*Exercise prompt*: Print the line containing "據數據顯示,除夕當天共有29" and each line after it through the end of the material below, exactly as it appears, but skip the pictures.

*Source data*:
+ + +
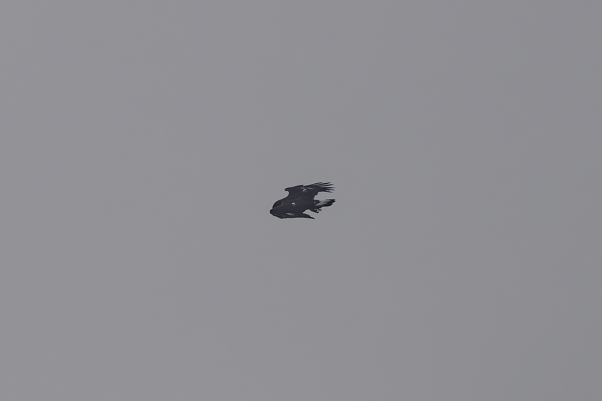 前線の影響でガスの多い一日だった。北西面はガスで何も見えない。辛うじて東面と北尾根が少し視界が開けた。12時過ぎに大曲に移動するとサーナが飛んでいた。こんな所まで来ている、親を探したが見つからない。風に乗って悠々と飛んでいる。巣立ち後2週間の幼鳥だと合う誰も思わない。三つ星が確認出来たのでやはりサーナだ。
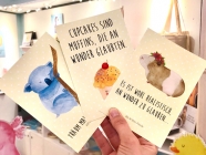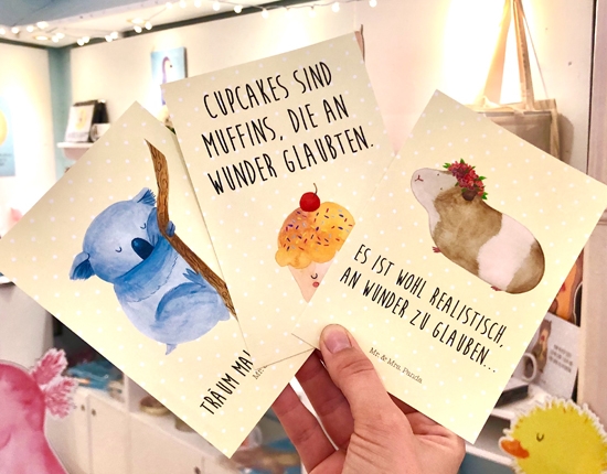 Süße Postkarten mit Sprüchen und Illustrationen.
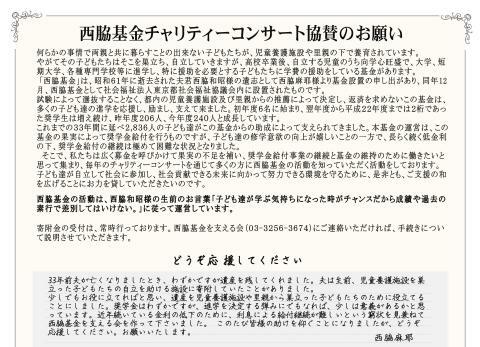 ※ご購入時の手数料に関しまして:ご購入方法にかかわらず、システム利用料は発生いたしません。ご案内画像に掲載されておりますチラシ表面の■チケットぴあ■購入方法の中、お電話で予約の方のご購入の場合もシステム利用料は、発生いたしません。新型コロナウイルス感染症災禍による公演中止の折は、期間内に発券店舗での返金手続きをお願い致します。払い戻し対象:チケット代金/発券手数料(決済手数料は払い戻し対象外です)※問い合わせ:080-3368-8772(畠山)迄。また、払い戻しをご希望なさらず、チケット代のご寄附をご希望される場合は、西脇基金を支える会 03-3256-3674迄お問い合わせください。
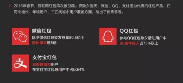據數據顯示,除夕當天共有2900萬張紅包照片發出,紅包照片互動總次數超過1.92億次。其中,90后是發紅包主力,共發送25.88億次。最喜歡發紅包的省份是廣東,江蘇和浙江緊隨其后,最喜歡發紅包的前三個城市是北京、深圳和廣州。
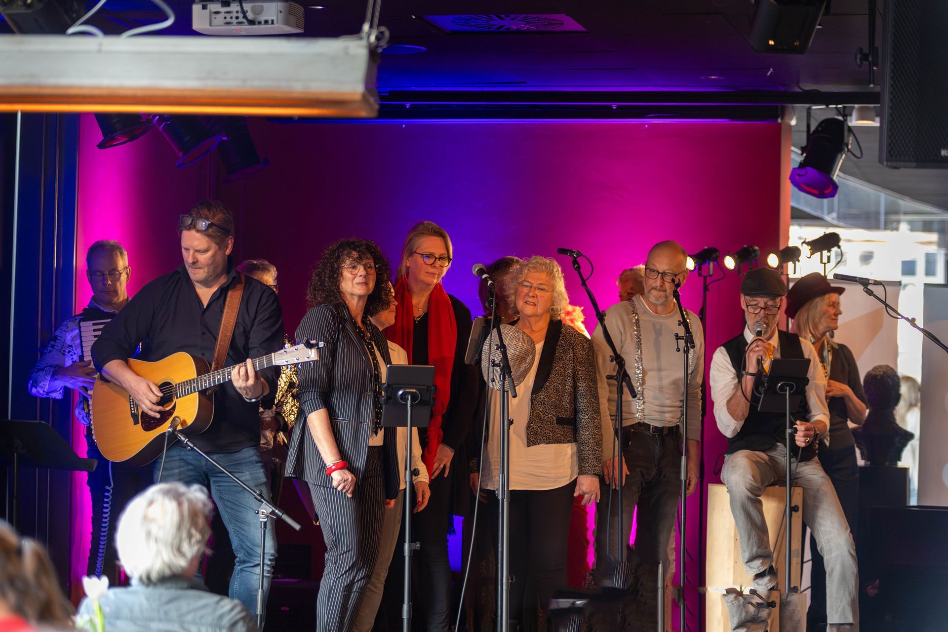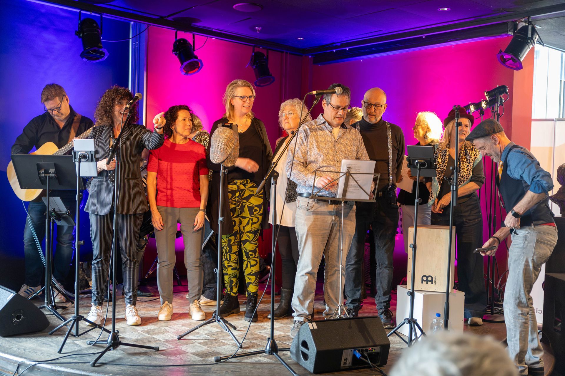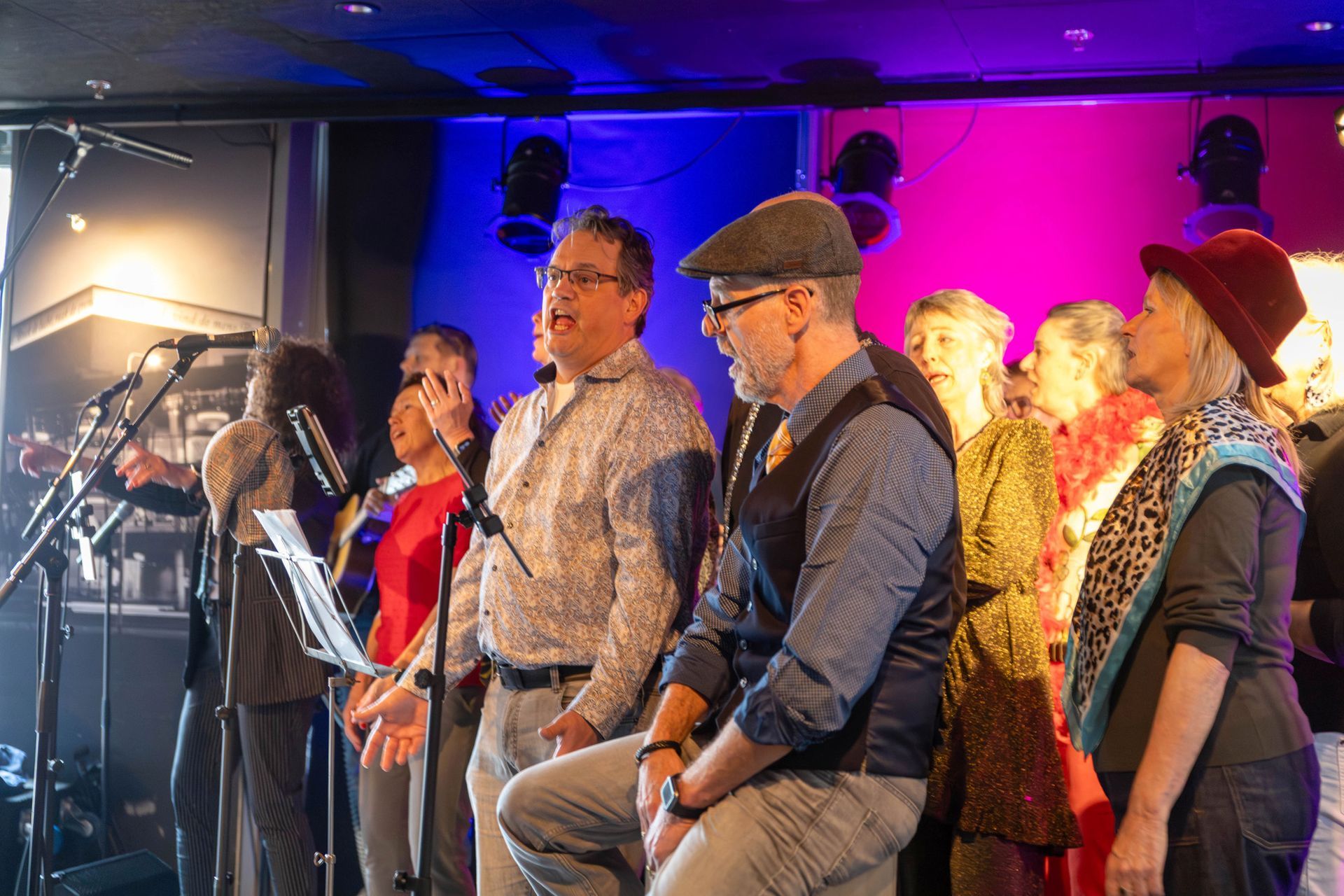Goed, wat mag je verwachten van een koor dat eenmaal per maand op donderdag een avondje repeteert? En van een koor dat smartlappen zingt? We gaan het zien. Het podium staat in ieder geval tjokvol in het theatercafé. Naast zangers zie ik een gitarist, een accordeonist en iemand op cajon.
+ + +
*Worked solution*:
據數據顯示,除夕當天共有2900萬張紅包照片發出,紅包照片互動總次數超過1.92億次。其中,90后是發紅包主力,共發送25.88億次。最喜歡發紅包的省份是廣東,江蘇和浙江緊隨其后,最喜歡發紅包的前三個城市是北京、深圳和廣州。
Goed, wat mag je verwachten van een koor dat eenmaal per maand op donderdag een avondje repeteert? En van een koor dat smartlappen zingt? We gaan het zien. Het podium staat in ieder geval tjokvol in het theatercafé. Naast zangers zie ik een gitarist, een accordeonist en iemand op cajon.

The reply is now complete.